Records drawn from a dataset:
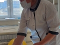 Алғашқы күнде Облыстық перинатальдық орталығының жұмыстарымен танысты. Қабылдау бөлімінен бастап барлық құрылымдық бөлімдерді аралап, пациенттермен кездесті. Акушер-гинеколог А. Ханаева босану бөлімшесінде болып, толғатқан аналардың босануында тәжірибелік көмек көрсетті. Емхана бөлімінде пациенттерге консультациялық қабылдаулар мен диагностика жүргізді. Сонымен қатар, КазНИОР мамандарымен online режимінде болған телемедициналық кеңеске қатысып, онкологиялық дертке шалдыққан маңғыстаулық жүкті әйелге қатысты емдеу іс-шараларын таңдауға, талқылауға және қорытынды шешім шығаруына қатысты.
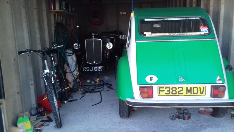 How to fit a 9.5ft Morris Minor and a 13ft 2CV in a 20ft long garage.
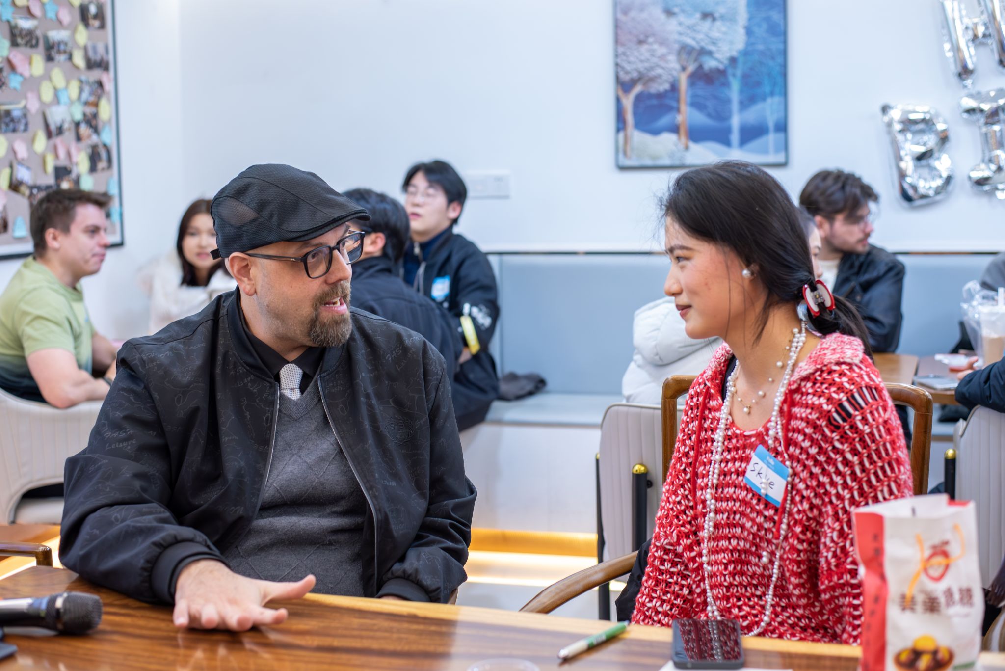 外教Nathan则围绕交友、社团活动与时间管理设置了三个问题,引导现场讨论。他分享了自己创办“午夜观星俱乐部”或“猫咖学习社”的设想,启发了学生的创社思路,现场提出了“自由解放社”“麻将社”等多种创意构想。
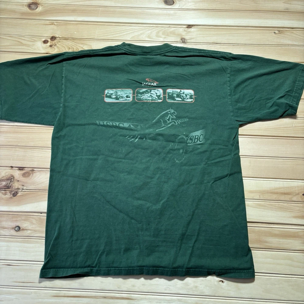 Vintage 90s Jaguar Formula one F1 Racing Double Sided Green Shirt Size XL
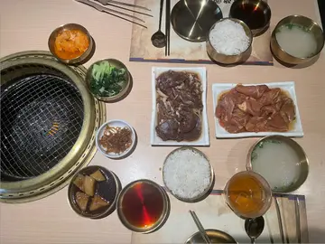 周末带着家人来高丽轩小聚,店里暖黄的灯光配着墙上简约的韩式插画,木桌木椅透着家常感,刚坐下服务员就端来一碟碟餐前小菜,辣白菜、腌萝卜摆了半桌,酸甜爽脆的口感很开胃。牛舌选的是薄切,铺在微烫的烤盘上几秒就熟,边缘微焦带着焦香。蘸点海盐入口,口感嫩中带韧,淡淡的奶香混着肉香,孩子用生菜裹着吃,说比厚切更入味。虎虾是原只上桌的,虾肉饱满透着亮泽,烤到外壳变红开裂就能剥壳。肉质弹牙带着清甜,蘸蒜香酱吃刚好解腻,父母说整只吃着过瘾,一盘四只分着吃也自在。扇贝带壳端来,表面只铺了层蒜蓉。烤熟后贝肉 Q 弹,蒜蓉香不冲,连不爱吃蒜的女儿都尝了半只。个头不算大,但新鲜无沙,家人觉得这样刚好不占肚。最后点了份石锅拌饭收尾,锅底锅巴焦香,米饭裹着酱汁,配着烤肉碎,孩子扒拉着吃了满满一碗。结账时看了眼账单,不算贵,一家人吃得舒服又满足,大概这就是适合家庭聚餐的模样吧。…查看更多

## [Task objective]
Copy out, without any pictures, the lines of the records above from the one containing "Vintage 90s Jaguar" through the final line, both ends included.

## [Result]
 Vintage 90s Jaguar Formula one F1 Racing Double Sided Green Shirt Size XL
 周末带着家人来高丽轩小聚,店里暖黄的灯光配着墙上简约的韩式插画,木桌木椅透着家常感,刚坐下服务员就端来一碟碟餐前小菜,辣白菜、腌萝卜摆了半桌,酸甜爽脆的口感很开胃。牛舌选的是薄切,铺在微烫的烤盘上几秒就熟,边缘微焦带着焦香。蘸点海盐入口,口感嫩中带韧,淡淡的奶香混着肉香,孩子用生菜裹着吃,说比厚切更入味。虎虾是原只上桌的,虾肉饱满透着亮泽,烤到外壳变红开裂就能剥壳。肉质弹牙带着清甜,蘸蒜香酱吃刚好解腻,父母说整只吃着过瘾,一盘四只分着吃也自在。扇贝带壳端来,表面只铺了层蒜蓉。烤熟后贝肉 Q 弹,蒜蓉香不冲,连不爱吃蒜的女儿都尝了半只。个头不算大,但新鲜无沙,家人觉得这样刚好不占肚。最后点了份石锅拌饭收尾,锅底锅巴焦香,米饭裹着酱汁,配着烤肉碎,孩子扒拉着吃了满满一碗。结账时看了眼账单,不算贵,一家人吃得舒服又满足,大概这就是适合家庭聚餐的模样吧。…查看更多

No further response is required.